REQUIREMENT: With pictures left out, return only the lines from the line containing "Acciones de la propia enseñanza del arte" through the end of the material below, both included.

THE DATA:
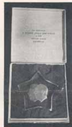
1511—1512. Plakety z křehálá, skla, reliefně pracované, se lvem nebo portrety generalis, Stalina a p. presidenta Dra Ed. Beneše velikost 7 cm, Kės 45—, kaseta 8x8 cm Kės 20—, nápis do víčka kasety, tišibný za Kės 5.—. Viz vzor 991—992.
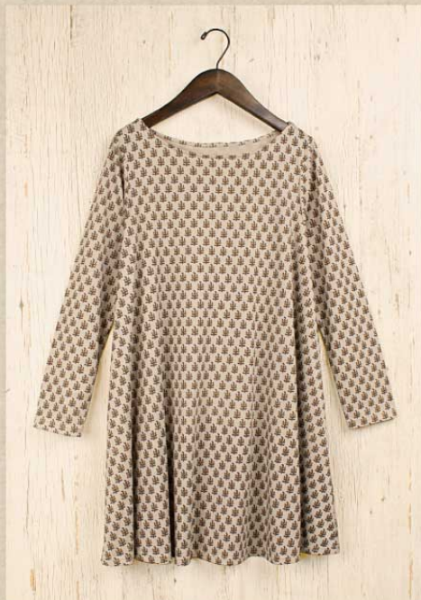
T/C 小花プリント チュニック
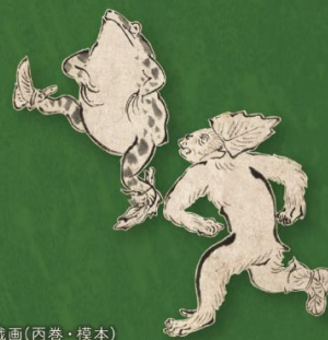
鳥獣人物戯画(丙巻・模本) (京都市立芸術大学芸術資料館蔵)
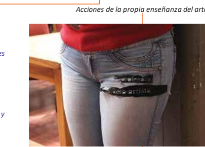
Acciones de la propia enseñanza del arte
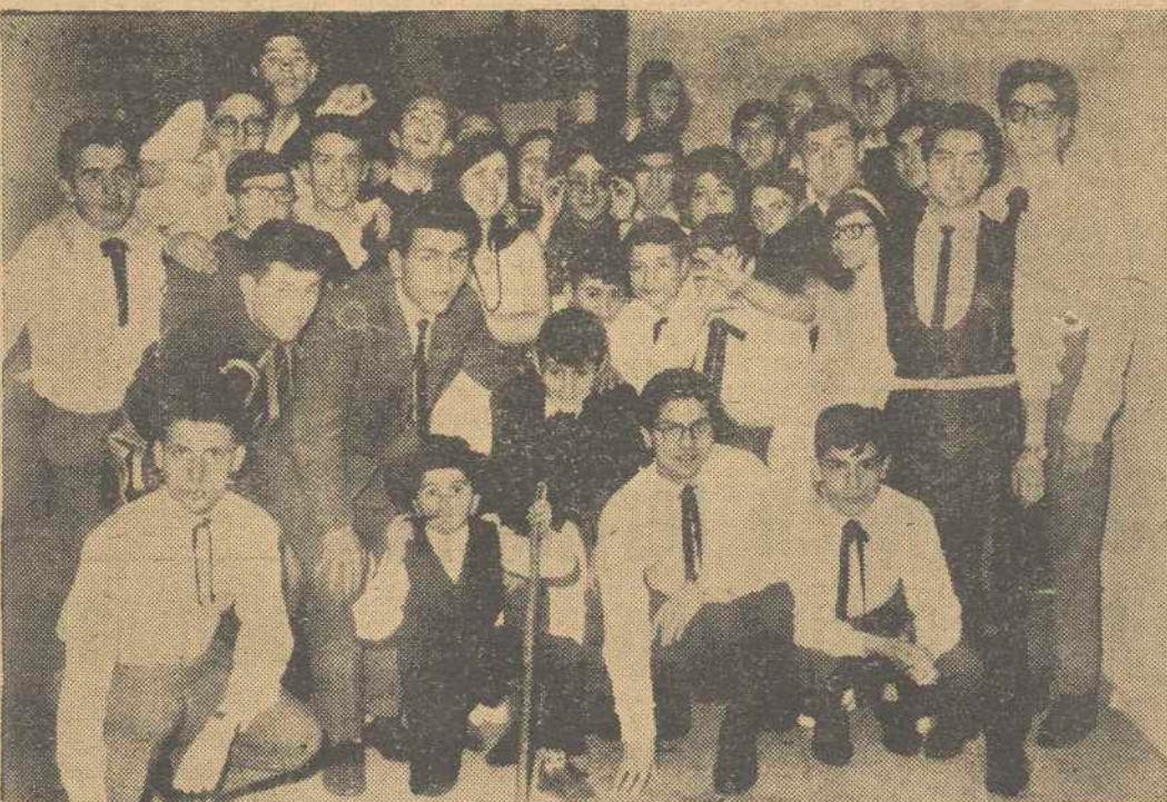
Artistas noveles que llegaron triunfadores a la gran final del popular concurso "Camino de la Fama", que organiza la Emisora de la REM "La Voz de Ferrol". — (Información en página interior)

RESULT OF THE EXERCISE:
Acciones de la propia enseñanza del arte
Artistas noveles que llegaron triunfadores a la gran final del popular concurso "Camino de la Fama", que organiza la Emisora de la REM "La Voz de Ferrol". — (Información en página interior)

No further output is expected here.